The behavior of the transcoding functions is as follows: 1. If `state` is a null pointer, then an automatic storage duration object of type `mbstate_t` is created which is unique to the current invocation. It is initialized to the initial conversion state and a pointer to this object is used wherever `state` is used in this paragraph. 2. Then, if `input` is a null pointer or `*input` is a null pointer, then `*state` is set to the initial conversion state, the function returns `stdc_mcerr_ok`, and no other actions are token. 3. Otherwise, if `*state` is in an implementation-defined conversion state that requires it, any necessary output code units writes are performed to return `*state` to the initial conversion state. 4. The function performs input code unit reads and subsequently performs the output code unit writes as is necessary to complete an indivisible unit of work. 5. The function returns `stdc_mcerr_ok`.
NOTE  If `state` is a null pointer, and the function uses e.g. a created automatic storage duration `mbstate_t` object that is discarded by the end of the invocation, then any potential conversion state contained in the created `mbstate_t` object and used during processing could become unrecoverable to the program.
Returns
On success or failure, the transcoding functions shall return one of the above error codes (7.S✨.1). If `input` is a null pointer or `*input` is a null pointer, then `*state` is set to the initial conversion state and no other work is performed.
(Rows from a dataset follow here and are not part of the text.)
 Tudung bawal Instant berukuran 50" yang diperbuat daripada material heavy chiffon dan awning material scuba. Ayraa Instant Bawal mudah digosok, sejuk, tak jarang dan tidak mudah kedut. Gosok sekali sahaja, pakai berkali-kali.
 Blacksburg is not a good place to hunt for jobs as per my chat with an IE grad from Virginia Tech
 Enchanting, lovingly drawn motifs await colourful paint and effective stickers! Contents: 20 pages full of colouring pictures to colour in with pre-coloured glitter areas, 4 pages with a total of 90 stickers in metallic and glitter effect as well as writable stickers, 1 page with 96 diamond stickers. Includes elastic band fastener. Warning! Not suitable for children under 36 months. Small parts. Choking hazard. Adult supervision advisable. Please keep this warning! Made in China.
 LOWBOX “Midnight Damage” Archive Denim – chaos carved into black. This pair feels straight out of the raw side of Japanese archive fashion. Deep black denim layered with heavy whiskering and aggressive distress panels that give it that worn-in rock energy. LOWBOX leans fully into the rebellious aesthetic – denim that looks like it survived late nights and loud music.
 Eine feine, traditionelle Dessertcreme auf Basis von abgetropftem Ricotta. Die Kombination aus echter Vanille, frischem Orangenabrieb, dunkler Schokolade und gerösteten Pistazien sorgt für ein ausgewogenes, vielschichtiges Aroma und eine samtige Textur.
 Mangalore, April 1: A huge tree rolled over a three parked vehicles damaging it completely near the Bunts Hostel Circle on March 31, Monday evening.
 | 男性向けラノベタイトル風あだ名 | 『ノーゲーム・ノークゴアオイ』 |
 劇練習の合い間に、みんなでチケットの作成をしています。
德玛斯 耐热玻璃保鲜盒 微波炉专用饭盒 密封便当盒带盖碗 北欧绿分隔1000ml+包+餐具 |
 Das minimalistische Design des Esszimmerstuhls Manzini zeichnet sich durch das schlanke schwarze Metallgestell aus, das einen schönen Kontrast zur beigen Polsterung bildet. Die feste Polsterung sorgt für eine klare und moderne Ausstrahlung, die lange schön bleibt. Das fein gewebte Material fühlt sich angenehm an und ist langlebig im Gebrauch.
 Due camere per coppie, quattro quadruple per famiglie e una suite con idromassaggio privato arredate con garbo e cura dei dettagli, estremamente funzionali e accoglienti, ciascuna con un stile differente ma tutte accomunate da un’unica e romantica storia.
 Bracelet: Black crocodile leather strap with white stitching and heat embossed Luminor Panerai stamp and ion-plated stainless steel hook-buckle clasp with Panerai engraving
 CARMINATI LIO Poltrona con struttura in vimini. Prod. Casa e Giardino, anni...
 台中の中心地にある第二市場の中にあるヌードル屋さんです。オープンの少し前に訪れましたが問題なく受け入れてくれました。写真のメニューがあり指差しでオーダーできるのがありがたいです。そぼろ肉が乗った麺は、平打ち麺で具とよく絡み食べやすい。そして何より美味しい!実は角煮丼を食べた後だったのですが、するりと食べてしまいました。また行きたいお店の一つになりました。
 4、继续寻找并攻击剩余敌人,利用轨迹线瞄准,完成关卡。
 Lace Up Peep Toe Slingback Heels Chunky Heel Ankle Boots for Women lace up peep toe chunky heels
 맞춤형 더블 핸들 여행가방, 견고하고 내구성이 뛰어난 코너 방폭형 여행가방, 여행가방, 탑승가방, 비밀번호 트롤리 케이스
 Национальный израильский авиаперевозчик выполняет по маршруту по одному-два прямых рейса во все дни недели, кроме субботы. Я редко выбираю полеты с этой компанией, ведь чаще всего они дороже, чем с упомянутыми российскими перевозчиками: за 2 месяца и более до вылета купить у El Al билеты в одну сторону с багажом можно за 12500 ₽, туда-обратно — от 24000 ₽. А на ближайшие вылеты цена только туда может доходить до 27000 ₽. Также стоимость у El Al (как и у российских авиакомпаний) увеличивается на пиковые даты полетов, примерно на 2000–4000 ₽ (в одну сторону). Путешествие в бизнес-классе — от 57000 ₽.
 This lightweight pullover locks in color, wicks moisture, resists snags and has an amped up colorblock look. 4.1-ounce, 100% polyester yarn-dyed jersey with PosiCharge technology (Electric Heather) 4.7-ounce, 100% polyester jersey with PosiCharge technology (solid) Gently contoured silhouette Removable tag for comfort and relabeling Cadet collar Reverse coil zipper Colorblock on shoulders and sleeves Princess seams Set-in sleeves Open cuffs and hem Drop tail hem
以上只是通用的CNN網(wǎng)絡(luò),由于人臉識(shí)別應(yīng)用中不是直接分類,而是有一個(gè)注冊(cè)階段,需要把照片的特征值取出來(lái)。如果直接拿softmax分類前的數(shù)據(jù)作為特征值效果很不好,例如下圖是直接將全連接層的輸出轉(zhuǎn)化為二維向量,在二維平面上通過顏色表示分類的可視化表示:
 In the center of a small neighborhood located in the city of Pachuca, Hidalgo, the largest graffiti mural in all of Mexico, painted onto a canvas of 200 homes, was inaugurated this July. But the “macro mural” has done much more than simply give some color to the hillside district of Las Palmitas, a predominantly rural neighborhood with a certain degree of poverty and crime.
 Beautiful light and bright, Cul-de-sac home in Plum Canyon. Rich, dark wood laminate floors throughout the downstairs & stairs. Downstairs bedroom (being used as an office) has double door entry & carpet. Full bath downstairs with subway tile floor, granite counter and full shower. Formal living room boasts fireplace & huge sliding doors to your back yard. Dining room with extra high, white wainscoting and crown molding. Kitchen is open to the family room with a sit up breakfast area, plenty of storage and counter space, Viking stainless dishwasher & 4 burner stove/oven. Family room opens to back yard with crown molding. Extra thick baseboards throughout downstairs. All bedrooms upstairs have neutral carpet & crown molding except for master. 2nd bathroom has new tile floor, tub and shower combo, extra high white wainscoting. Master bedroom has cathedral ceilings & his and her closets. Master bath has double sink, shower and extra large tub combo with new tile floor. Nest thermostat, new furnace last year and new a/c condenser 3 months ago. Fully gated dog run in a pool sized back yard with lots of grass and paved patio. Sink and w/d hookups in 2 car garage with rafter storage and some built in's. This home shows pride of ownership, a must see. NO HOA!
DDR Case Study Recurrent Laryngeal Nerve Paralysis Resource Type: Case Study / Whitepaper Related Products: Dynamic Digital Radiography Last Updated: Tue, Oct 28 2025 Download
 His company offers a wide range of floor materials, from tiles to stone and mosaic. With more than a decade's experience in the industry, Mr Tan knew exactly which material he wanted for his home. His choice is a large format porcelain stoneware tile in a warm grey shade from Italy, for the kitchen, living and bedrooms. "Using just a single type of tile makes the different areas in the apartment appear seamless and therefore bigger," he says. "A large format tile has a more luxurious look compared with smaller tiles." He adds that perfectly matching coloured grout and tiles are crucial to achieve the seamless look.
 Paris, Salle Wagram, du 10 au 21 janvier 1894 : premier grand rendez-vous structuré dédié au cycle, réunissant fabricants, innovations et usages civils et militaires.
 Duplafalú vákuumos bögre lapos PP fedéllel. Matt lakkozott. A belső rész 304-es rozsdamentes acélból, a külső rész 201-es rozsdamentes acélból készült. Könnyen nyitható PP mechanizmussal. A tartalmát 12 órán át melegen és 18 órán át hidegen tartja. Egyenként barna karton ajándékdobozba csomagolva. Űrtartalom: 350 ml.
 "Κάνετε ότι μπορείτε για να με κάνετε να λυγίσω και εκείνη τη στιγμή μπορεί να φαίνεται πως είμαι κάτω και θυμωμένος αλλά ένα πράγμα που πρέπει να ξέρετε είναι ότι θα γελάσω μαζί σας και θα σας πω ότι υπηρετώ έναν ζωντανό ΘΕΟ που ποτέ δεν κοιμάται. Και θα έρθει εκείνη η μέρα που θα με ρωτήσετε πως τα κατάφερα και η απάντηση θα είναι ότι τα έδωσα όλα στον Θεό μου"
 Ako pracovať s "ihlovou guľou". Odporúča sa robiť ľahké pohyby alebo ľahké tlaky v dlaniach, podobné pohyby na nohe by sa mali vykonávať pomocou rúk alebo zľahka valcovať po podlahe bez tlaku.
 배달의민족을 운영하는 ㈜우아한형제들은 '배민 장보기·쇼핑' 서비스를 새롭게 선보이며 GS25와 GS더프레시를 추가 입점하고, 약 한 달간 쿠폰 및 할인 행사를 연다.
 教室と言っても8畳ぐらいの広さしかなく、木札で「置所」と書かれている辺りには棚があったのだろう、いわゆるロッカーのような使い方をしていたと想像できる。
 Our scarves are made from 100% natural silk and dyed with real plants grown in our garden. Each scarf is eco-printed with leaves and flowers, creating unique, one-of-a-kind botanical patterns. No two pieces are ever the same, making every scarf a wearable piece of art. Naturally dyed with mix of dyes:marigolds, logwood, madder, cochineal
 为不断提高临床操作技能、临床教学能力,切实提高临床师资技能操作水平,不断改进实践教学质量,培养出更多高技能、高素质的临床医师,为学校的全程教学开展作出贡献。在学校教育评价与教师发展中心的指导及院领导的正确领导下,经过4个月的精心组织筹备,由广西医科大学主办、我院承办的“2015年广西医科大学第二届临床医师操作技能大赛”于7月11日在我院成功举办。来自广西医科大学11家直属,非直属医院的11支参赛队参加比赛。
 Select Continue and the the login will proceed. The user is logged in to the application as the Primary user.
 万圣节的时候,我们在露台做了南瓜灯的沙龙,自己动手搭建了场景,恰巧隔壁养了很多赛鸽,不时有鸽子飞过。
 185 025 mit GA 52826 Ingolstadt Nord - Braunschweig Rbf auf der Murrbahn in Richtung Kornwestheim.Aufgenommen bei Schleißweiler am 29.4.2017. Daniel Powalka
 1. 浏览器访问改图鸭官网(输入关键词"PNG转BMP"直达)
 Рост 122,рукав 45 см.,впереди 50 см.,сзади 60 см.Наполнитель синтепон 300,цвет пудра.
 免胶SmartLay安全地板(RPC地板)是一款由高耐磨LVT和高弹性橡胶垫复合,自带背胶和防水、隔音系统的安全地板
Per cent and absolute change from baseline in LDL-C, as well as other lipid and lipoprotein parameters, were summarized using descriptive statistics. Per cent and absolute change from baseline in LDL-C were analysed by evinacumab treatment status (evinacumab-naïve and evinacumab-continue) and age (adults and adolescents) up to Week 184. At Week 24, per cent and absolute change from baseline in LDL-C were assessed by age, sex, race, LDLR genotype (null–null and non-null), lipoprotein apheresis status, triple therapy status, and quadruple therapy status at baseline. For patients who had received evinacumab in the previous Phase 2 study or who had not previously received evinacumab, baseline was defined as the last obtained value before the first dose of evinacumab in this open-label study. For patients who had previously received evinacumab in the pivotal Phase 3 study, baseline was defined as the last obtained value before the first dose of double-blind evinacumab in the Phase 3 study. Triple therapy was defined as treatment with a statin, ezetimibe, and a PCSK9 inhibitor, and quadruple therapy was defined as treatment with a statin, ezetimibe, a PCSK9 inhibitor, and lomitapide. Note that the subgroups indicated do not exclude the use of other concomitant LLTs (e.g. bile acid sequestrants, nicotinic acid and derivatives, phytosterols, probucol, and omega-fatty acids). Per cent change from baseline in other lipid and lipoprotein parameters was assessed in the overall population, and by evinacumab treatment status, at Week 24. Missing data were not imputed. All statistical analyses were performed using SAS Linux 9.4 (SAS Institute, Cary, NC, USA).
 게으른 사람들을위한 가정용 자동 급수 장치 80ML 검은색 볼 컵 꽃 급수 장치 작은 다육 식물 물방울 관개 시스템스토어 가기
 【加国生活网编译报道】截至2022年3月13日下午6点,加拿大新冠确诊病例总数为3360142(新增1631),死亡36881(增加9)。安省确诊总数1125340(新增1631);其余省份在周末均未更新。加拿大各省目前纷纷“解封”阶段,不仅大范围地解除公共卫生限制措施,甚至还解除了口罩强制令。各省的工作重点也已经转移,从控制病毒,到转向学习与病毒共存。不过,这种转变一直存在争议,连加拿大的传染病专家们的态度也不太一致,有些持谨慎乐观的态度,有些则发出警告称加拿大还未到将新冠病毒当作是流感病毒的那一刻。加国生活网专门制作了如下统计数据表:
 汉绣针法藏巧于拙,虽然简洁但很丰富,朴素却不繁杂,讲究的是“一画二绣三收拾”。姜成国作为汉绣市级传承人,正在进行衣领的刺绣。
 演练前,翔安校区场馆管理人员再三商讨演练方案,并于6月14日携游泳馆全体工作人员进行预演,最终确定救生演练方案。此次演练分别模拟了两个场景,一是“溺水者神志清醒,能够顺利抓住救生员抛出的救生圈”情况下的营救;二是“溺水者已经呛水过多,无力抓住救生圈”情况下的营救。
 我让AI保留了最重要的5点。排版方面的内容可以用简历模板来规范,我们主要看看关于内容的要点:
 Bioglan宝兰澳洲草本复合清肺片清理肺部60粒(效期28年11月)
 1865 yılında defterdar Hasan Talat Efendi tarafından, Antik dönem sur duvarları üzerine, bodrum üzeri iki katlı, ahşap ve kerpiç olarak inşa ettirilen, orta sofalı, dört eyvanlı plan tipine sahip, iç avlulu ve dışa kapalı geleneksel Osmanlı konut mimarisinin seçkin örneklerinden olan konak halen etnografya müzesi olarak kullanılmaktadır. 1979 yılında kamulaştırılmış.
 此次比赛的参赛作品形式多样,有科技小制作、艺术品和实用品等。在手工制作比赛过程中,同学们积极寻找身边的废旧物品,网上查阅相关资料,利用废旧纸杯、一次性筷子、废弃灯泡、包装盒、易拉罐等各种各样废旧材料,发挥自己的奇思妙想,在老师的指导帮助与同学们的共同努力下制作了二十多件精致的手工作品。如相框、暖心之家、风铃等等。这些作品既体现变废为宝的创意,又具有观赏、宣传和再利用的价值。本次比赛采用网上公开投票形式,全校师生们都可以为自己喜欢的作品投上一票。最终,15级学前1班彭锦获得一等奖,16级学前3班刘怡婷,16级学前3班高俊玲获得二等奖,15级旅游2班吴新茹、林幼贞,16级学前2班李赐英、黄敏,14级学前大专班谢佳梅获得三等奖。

If the function returns `stdc_mcerr_ok`, then all of the following is true: :: — if `input` and `*input` are not null pointers, `*input` is incremented by the number of code units read and successfully converted ; :: — if `input_size` is not a null pointer, `*input_size` is decremented by the number of code units read and successfully converted from the input; :: — if `output` and `*output` are not null pointers, `*output` is incremented by the number of code units written to the output; and, :: — if `output_size` is not a null pointer, `*output_size` is decremented by the number of code units written to the output. Otherwise, if an error is returned then none of the above occurs. If the return value is `stdc_mcerr_invalid`, then `*state` is in an unspecified state. If the return value is `stdc_mcerr_incomplete_input` or `stdc_mcerr_insufficient_output`, then `*state` is not changed.

Recommended Practice
Implementations should take advantage of the information of null pointer values for the output size pointer, output data pointer, or both, to drastically improve performance characteristics for assumed unlimited write space, output counting scenarios, or input validation/counting, respectively.
Implementations should prefer returning an error for an incomplete input sequence over storing intermediate data within the state where possible for non-Unicode encodings. This can make it easier for functionality built on top of the functions in this subclause to report errors without skipping over potentially invalid input data, resulting in potentially more accurate reports. Error handling and recovery also greatly benefit from being able to examine invalid input; avoiding skipping over invalid data by consuming it into a state and reporting no errors means that functionality built on top can potentially discard what should be considered unneeded, already-processed data.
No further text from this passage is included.